ELIZABETH SHOGREN reporting:

Along Prudhoe Bay on the northern edge of Alaska, clean up crews are working around the clock. They're sucking up the oil with vacuum trucks and collecting contaminated snow and gravel. The frigid arctic weather turns the oil to the consistency of molasses and slows the pace of the clean-up.

Ms. LINDA GIGUERE (Alaska Department of Environmental Conservation): It's been really cold. Over the weekend it was sixty three below zero Fahrenheit with the wind chill factor.

SHOGREN: Linda Giguere of Alaska's Department of Environmental Conservation says crews frequently take breaks to stay warm.

Ms. GIGUERE: At times workers will be limited to a maximum of twenty five minutes exposure to the weather.

SHOGREN: BP's Maureen Johnson says the leak was caused by corrosion inside the 34 inch pipe. The leak detection system didn't catch it.

Ms. MAUREEN JOHNSON (BP): We believe that the leak probably started out as a pinhole and grew over time and was too small to be detected by that system.

SHOGREN: She says the company probably never will know how long the oil was spilling. The leaky pipe was buried under a gravel overpass built for Caribou to walk over. The contaminated area is the size of two football fields. But the oil spread underneath the snow so people couldn't see it.

Ms. JOHNSON: In fact the person who discovered the leak had to be standing virtually right on top of it to see it.

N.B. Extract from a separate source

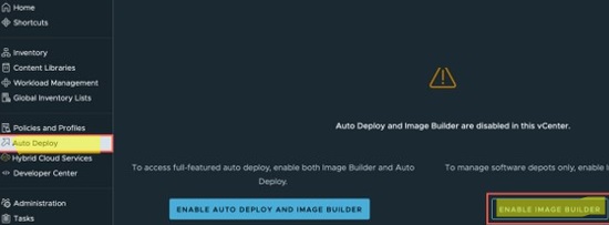 In vCenter Server, you can use the built-in Image Builder to modify your ESXi installation images. This service is disabled by default. Enable it via vCenter -> Auto Deploy -> Enable Image Builder.

SHOGREN: Although this is the biggest spill ever on the North Slope where the oil fields are, it's tiny compared to the Exxon Valdez spill seventeen years ago in Prince William Sound. That was forty times bigger. BP and state officials say they expect most of the oil will be cleaned up within several weeks. They won't know for sure if the tundra has been damaged until spring comes. Thousands of miles away in the nation's capital, Congress is again addressing the question of expanding oil drilling in Alaska to the Arctic National Wildlife Refuge. And Cindy Shogen of the Alaska Wilderness League says the oil spill shows you can't believe industry's claims that they can drill without damaging the environment.

Ms. CINDY SHOGEN (Alaska Wilderness League): Drilling proponents say that, you know, we have this fabulous technology, you won't even know that we're drilling in a sensitive place, and God forbid if anything happens, we can clean it up and we'll certainly detect it. Well, we've just seen, you know, just a short ways away on the North Slope, that that's not the case.

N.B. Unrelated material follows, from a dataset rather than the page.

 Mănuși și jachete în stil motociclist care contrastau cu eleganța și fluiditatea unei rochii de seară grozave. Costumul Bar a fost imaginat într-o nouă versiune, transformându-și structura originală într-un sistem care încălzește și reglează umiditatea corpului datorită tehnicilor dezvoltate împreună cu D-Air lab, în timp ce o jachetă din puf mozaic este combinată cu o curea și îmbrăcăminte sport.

SHOGREN: But the oil industry says it's important to put this spill in context. Oil production in the North Slope has fueled Alaska's economy and kept cars running in the lower 48 for almost thirty years.

Mr. BOB GRECCO (American Petroleum Institute): No oil spill is a good thing, but you have to put this in perspective of the amount of resources available and the amount developed today.

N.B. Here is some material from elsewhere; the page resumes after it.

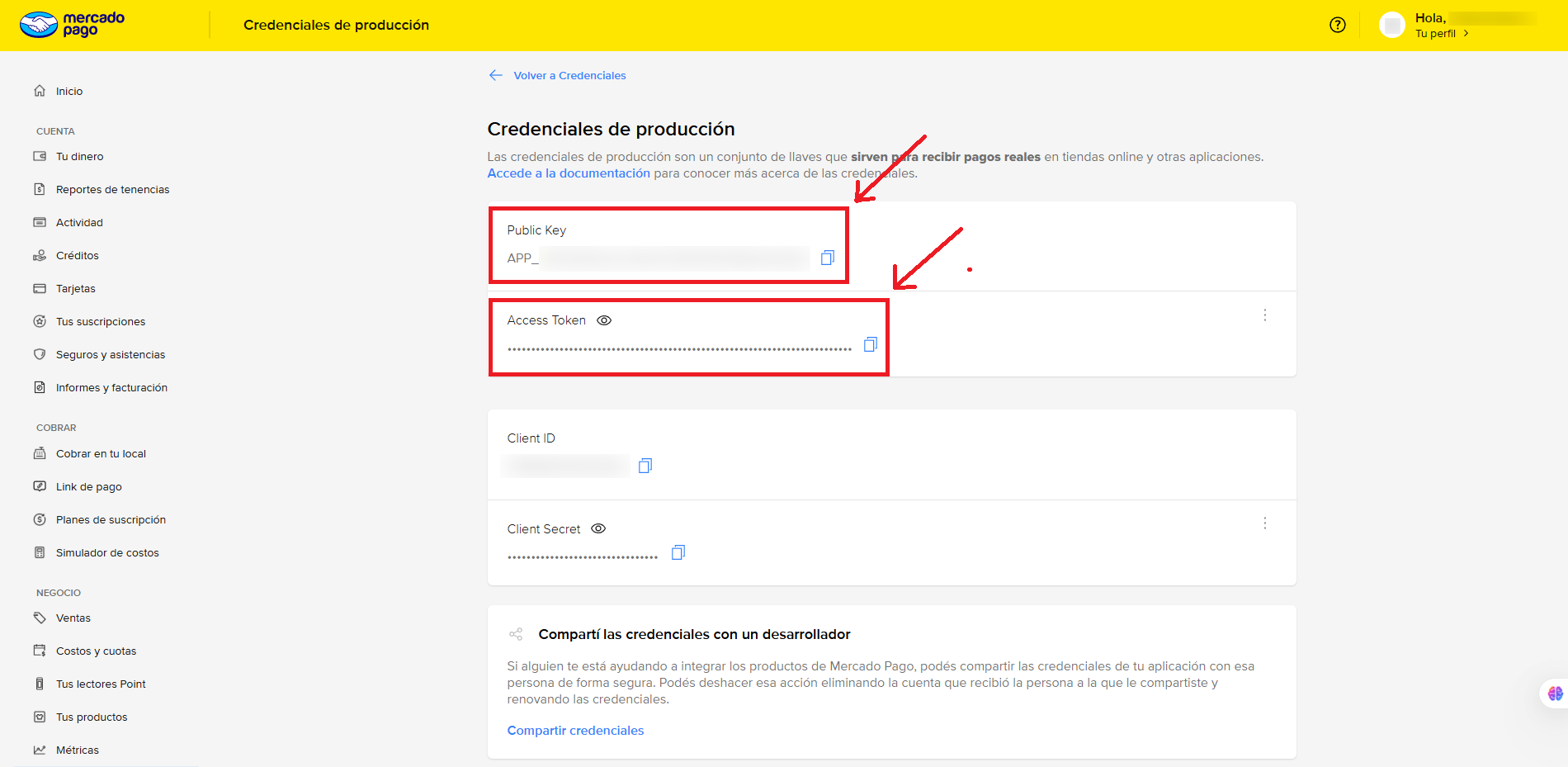 1.7 Mercado Pago generará las siguientes credenciales de producción:

SHOGREN: Bob Grecco of the American Petroleum Institute says if Congress allows the industry to drill in the Arctic Refuge, oil companies will improve environmental protections, and he says the huge benefits are worth the risk.

Mr. GRECCO: I think overall, broader development of Alaskan resources can be justified and can be supported based on the industry's broader environmental record.

SHOGREN: But he admits no matter how careful companies are, wherever they drill, the oil can spill. Elizabeth Shogren, NPR News, Washington.